■ Directions for this task
Everything in the data below except the pictures must be repeated word for word.
-*-*-
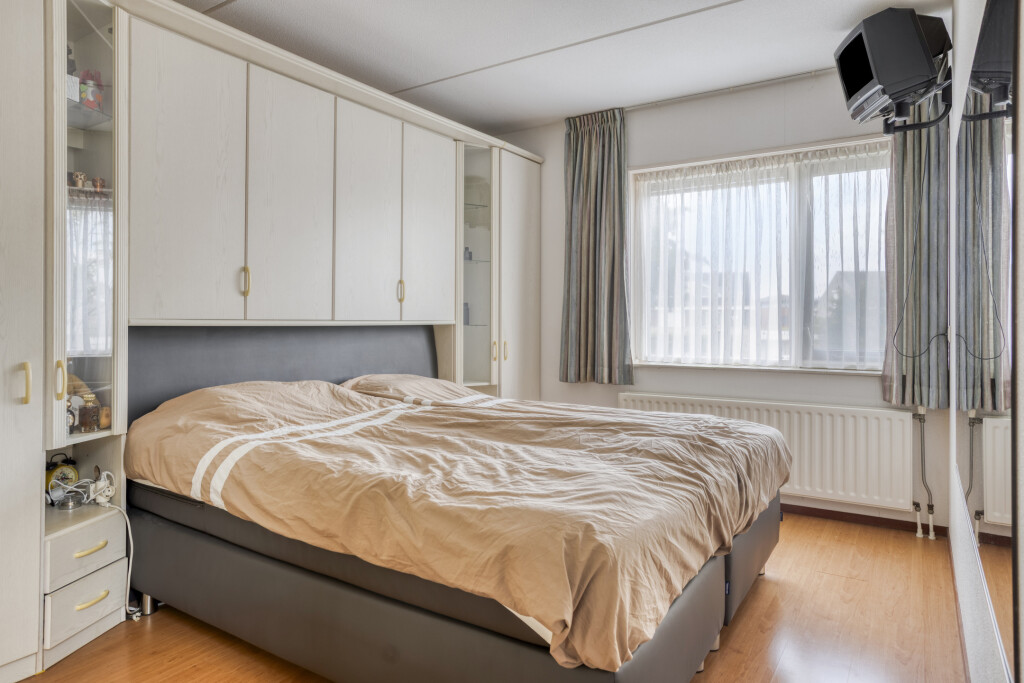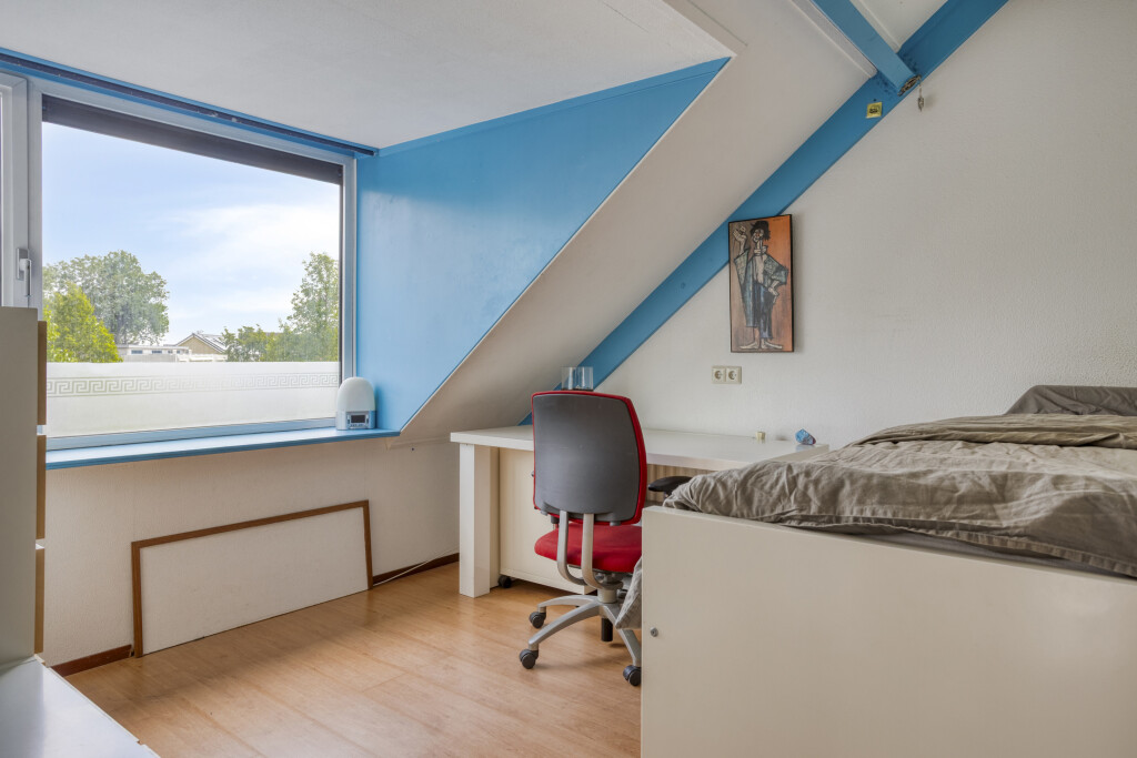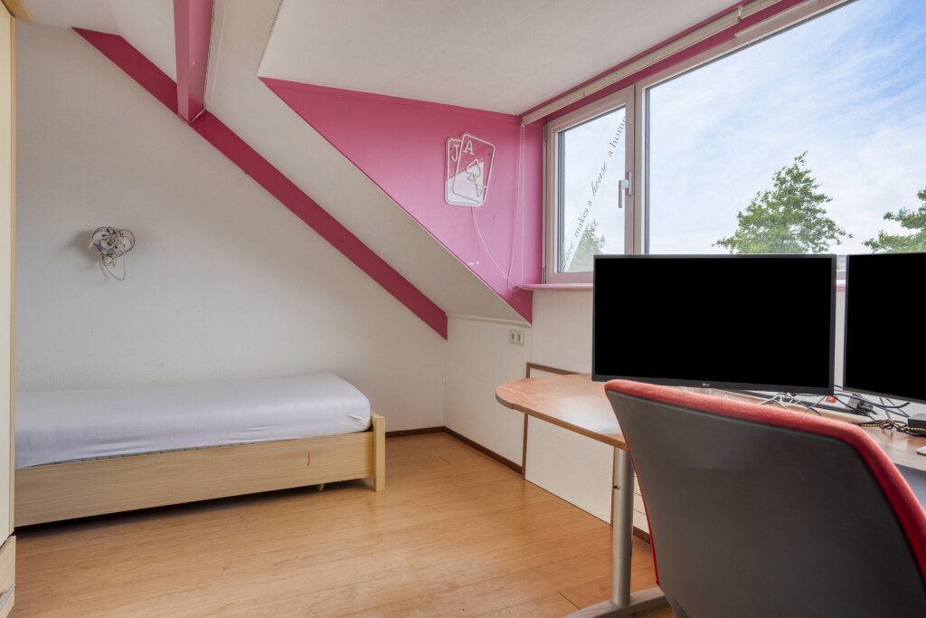 Op de tweede verdieping zijn er nog 2 ruime slaapkamers, beiden voorzien van een ruime dakkapel (2004) met zonwerende screens en een laminaatvloer met berging achter de knieschotten. Daarnaast is er nog een extra kamer, die te gebruiken is als werkplek.
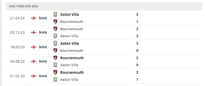 Những lần gặp nhau giữa Aston Villa và Bournemouth trong quá khứ vốn cũng thường diễn ra kịch tính và hấp dẫn với khá nhiều bàn thắng ghi được cho cả hai đội. Cụ thể là cả 5 lần hai đội gặp nhau trên sân Villa Park gần đây đều đã xuất hiện từ 3 bàn thắng ghi được trở lên trong trận. Hàng công của Aston Villa thì đấu khá tốt nhưng hàng thủ của họ cũng không phải là quá chắc chắn, chính vì vậy mà có thể đặt niềm tin vào một trận đấu bùng nổ về mặt tỷ số của cả hai đội.
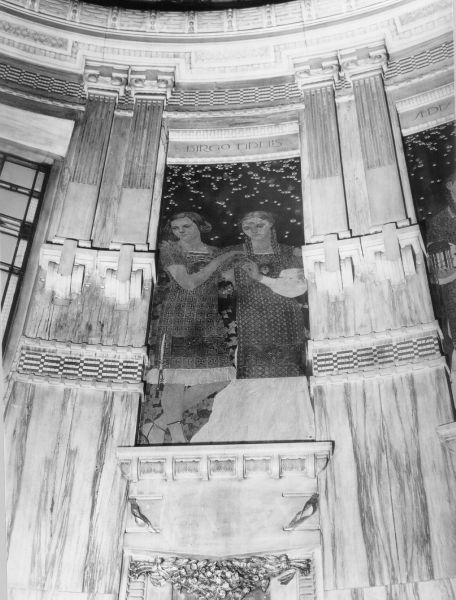 Nella parte superiore la cappella è decorata da un ciclo di dipinti murali. Fra gli aggetti delle lesene, segnate dalla sola tessitura del rivestimento marmoreo, sono rappresentate coppie di giovani donne. Alcune fasce orizzontali, ottenute con fregi a schacchiera rettangolari, suggeriscono la base e il capitello di ciascuna lesena virtuale. Sul soffitto della volta è dipinta una teoria di angeli, seguita da una serie di cornici concentriche, decorate con motivi geometrici. Nel cielo stellato compare un monogramma mariano
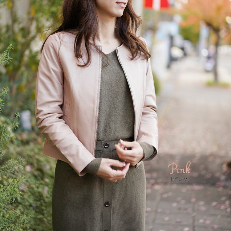 レザージャケット レディース ノーカラー 本革 ラム シンプル ショート丈 ライトアウター 春 アウター スプリング 秋 ブラック ブラウン ベージュ ピンク 軽量 上品 ギフト プレゼント ギフト
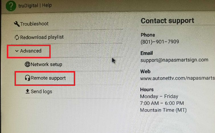 First thing we'd like to verify, is that the device is connected to the internet. If the device has checked in from the Player Status page on the website, within the past 15 min and has a green dot next to it, that is a good indication that it is. You'll need to be in front of where the device is located with the remote to the device.
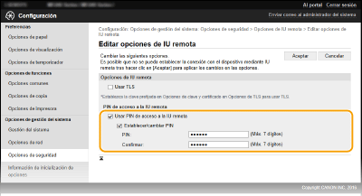 Marque la casilla de verificación [Usar PIN de acceso a la IU remota] y establezca el PIN.
-*-*-
■ Written reply
 Op de tweede verdieping zijn er nog 2 ruime slaapkamers, beiden voorzien van een ruime dakkapel (2004) met zonwerende screens en een laminaatvloer met berging achter de knieschotten. Daarnaast is er nog een extra kamer, die te gebruiken is als werkplek.
 Những lần gặp nhau giữa Aston Villa và Bournemouth trong quá khứ vốn cũng thường diễn ra kịch tính và hấp dẫn với khá nhiều bàn thắng ghi được cho cả hai đội. Cụ thể là cả 5 lần hai đội gặp nhau trên sân Villa Park gần đây đều đã xuất hiện từ 3 bàn thắng ghi được trở lên trong trận. Hàng công của Aston Villa thì đấu khá tốt nhưng hàng thủ của họ cũng không phải là quá chắc chắn, chính vì vậy mà có thể đặt niềm tin vào một trận đấu bùng nổ về mặt tỷ số của cả hai đội.
 Nella parte superiore la cappella è decorata da un ciclo di dipinti murali. Fra gli aggetti delle lesene, segnate dalla sola tessitura del rivestimento marmoreo, sono rappresentate coppie di giovani donne. Alcune fasce orizzontali, ottenute con fregi a schacchiera rettangolari, suggeriscono la base e il capitello di ciascuna lesena virtuale. Sul soffitto della volta è dipinta una teoria di angeli, seguita da una serie di cornici concentriche, decorate con motivi geometrici. Nel cielo stellato compare un monogramma mariano
 レザージャケット レディース ノーカラー 本革 ラム シンプル ショート丈 ライトアウター 春 アウター スプリング 秋 ブラック ブラウン ベージュ ピンク 軽量 上品 ギフト プレゼント ギフト
 First thing we'd like to verify, is that the device is connected to the internet. If the device has checked in from the Player Status page on the website, within the past 15 min and has a green dot next to it, that is a good indication that it is. You'll need to be in front of where the device is located with the remote to the device.
 Marque la casilla de verificación [Usar PIN de acceso a la IU remota] y establezca el PIN.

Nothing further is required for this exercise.